What a DBA filing actually shows

When a person or entity registers a fictitious business name in New York County, the county clerk’s office records the owner’s legal name, the trade name they’ll use, the business address, the date filed, and the expiration date. Some filings also include a mailing address and a phone number. The DBA itself is not a legal entity · it is a name under which a real owner (a person, a partnership, an LLC, or a corporation) conducts business. If an applicant tells you they operate as “Metro Logistics” but the DBA shows the registrant as “Maria Chen, sole proprietor,” you now know Maria Chen is the owner and there is no LLC shielding her liability. That distinction matters for your credit file and your lien position.

How to search the New York County DBA registry

New York County maintains assumed name records in the county clerk’s office. The county clerk publishes a searchable index of filed DBAs. You can search by the trade name (the name the business uses publicly) or by the registrant’s legal name. A successful search returns the filing date, the expiration date (typically three to five years from filing, depending on when it was registered), and the registered owner’s information. If no record appears, the name is either not registered or the filing has expired. An expired DBA means the owner is no longer legally permitted to use that trade name in the county. If your applicant is using an expired name, they are operating without proper registration.

Why a DBA is not a registered entity

This is the mistake underwriters make constantly. A DBA is a registration of a trade name, not a business entity. It does not create a legal entity separate from the owner. If Maria Chen operates as “Metro Logistics” under a DBA, Maria Chen is still personally liable for all debts, lawsuits, and tax obligations. If the applicant is an LLC, the DBA is simply a record that the LLC is operating under a different name than its legal entity name. The real owner and liability entity is the LLC itself, not the DBA. You must follow the chain: find the DBA, identify the registrant (person or legal entity), then verify that person or entity in the Secretary of State registry (for LLCs, corporations, and partnerships) or through other means (for sole proprietors). A DBA lookup alone does not give you an ownership structure or a filing history. It is one piece of the verification puzzle.

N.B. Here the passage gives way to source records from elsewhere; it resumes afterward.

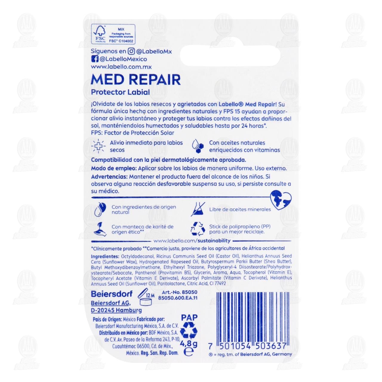 Protector Labial Labello Med Repair FPS 15 con ingredientes naturales que ayudan a proporcionar alivio instantáneo y proteger tus labios contra los efectos dañinos del sol, manteniendolos humectados hasta por 24 horas. Contiene 4.8 gramos.
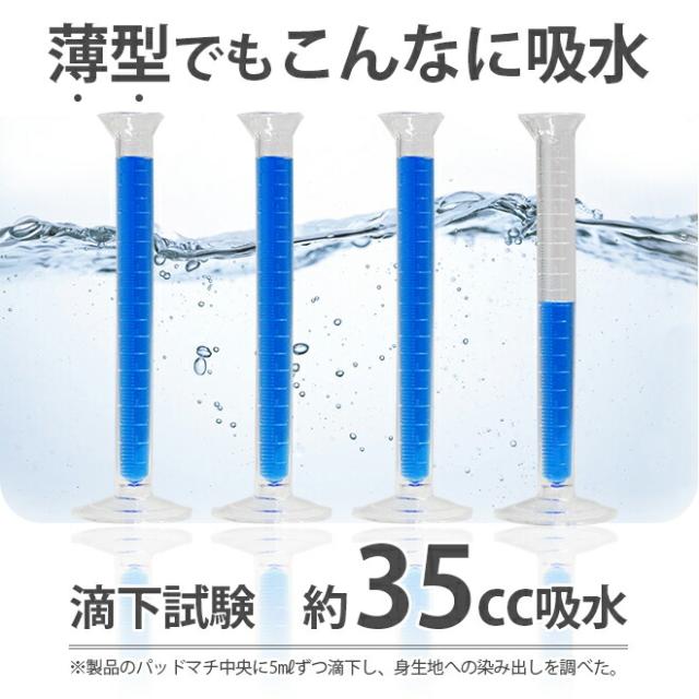 | 吸水量 | 《軽・中失禁対応》 加圧試験:約30cc吸水 滴下試験:約35cc吸水 |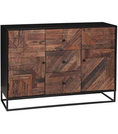 Altobuy - jordan - Buffet 2 Portes 3 Tiroirs en Métal Noir et Bois Recyclé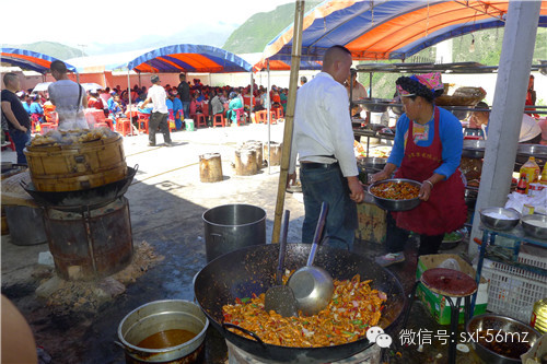 敬山祭祖活动结束后,寨民们回到羌寨中,开始吃粑粑饭。今天开了34桌,饭菜极其丰盛,帮厨的寨民们忙得不亦乐乎。羌族寨民好客,来人越多他们越高兴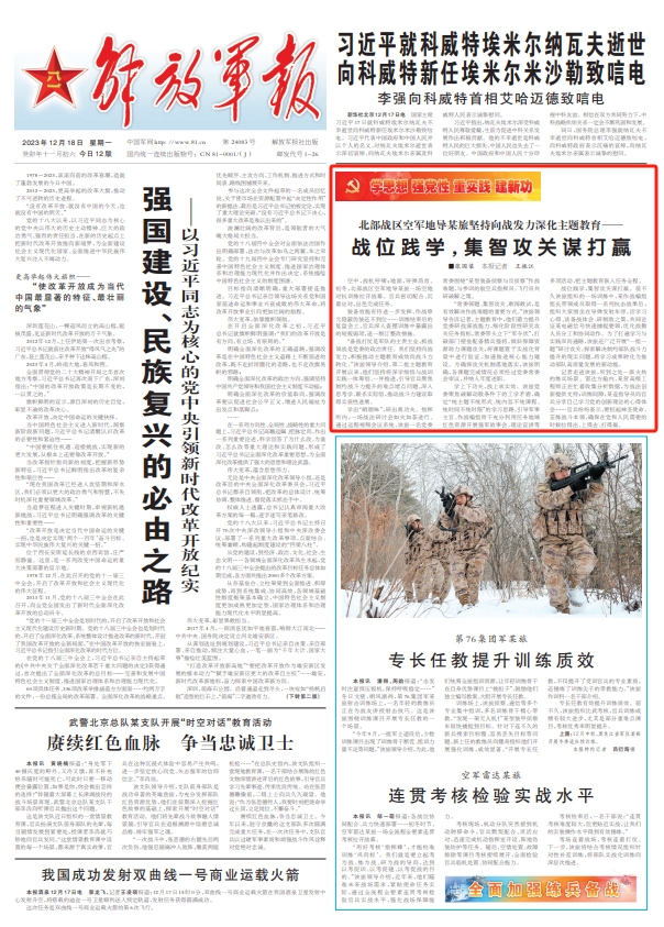 战位践学,集智攻关谋打赢。前不久该旅组织的一场训练中,某作战编组组长带领成员取得一系列抗击战果后,组织大家围坐在导弹发射车旁,话学习心得、谈备战体会、研制敌之策,共同论证某电磁信号快速捕捉要领,优化战勤人员分工和协同动作。为了打通学习与实践双向通路,该旅还广泛开展“一组一题”研讨攻关,探索解决制约部队战斗力提升的现实问题,将学习成果转化为推动部队高质量发展的新动能。

Cross-checking with the Secretary of State

If the DBA registrant is an LLC, corporation, or partnership, you must pull that entity’s record from the New York Secretary of State. The Secretary of State filing will show officers, members, the address of record, the current status (active, dissolved, suspended), and the date of formation. The DBA shows only that the registered legal entity is using a different business name. The Secretary of State filing shows whether the entity itself is in good standing. A DBA registered to an LLC that the Secretary of State lists as dissolved is a red flag. It means the legal entity behind the name is dead.

Common traps in DBA underwriting

A recent registration (within 30 days) can signal a shell company or a rapid pivot. A sole proprietor who just registered a DBA after years of informal operation may lack the accounting discipline you need. Multiple DBAs registered to the same person in a short window may indicate a pattern of brand cycling or business instability. Expired DBAs that the applicant continues to claim they use suggest either negligence or evasion. If the applicant says “I operate as XYZ” and the DBA shows it expired six months ago, ask directly why they have not renewed. A vague answer is a credit signal.

Bottom line

A New York County DBA search is a mandatory first step when an applicant gives you a trade name. It tells you who owns the name and whether the registration is current. But it is not a substitute for verifying the actual legal entity (sole proprietor history, LLC status with the Secretary of State, partnership records). Pull the DBA, identify the registrant, then drill into the registrant’s full background. Many underwriters skip the DBA entirely and go straight to the Secretary of State · that misses sole proprietors and unregistered operators entirely. A complete file ties the DBA to the owner, the owner to the entity, and the entity to the risk profile. Do all three.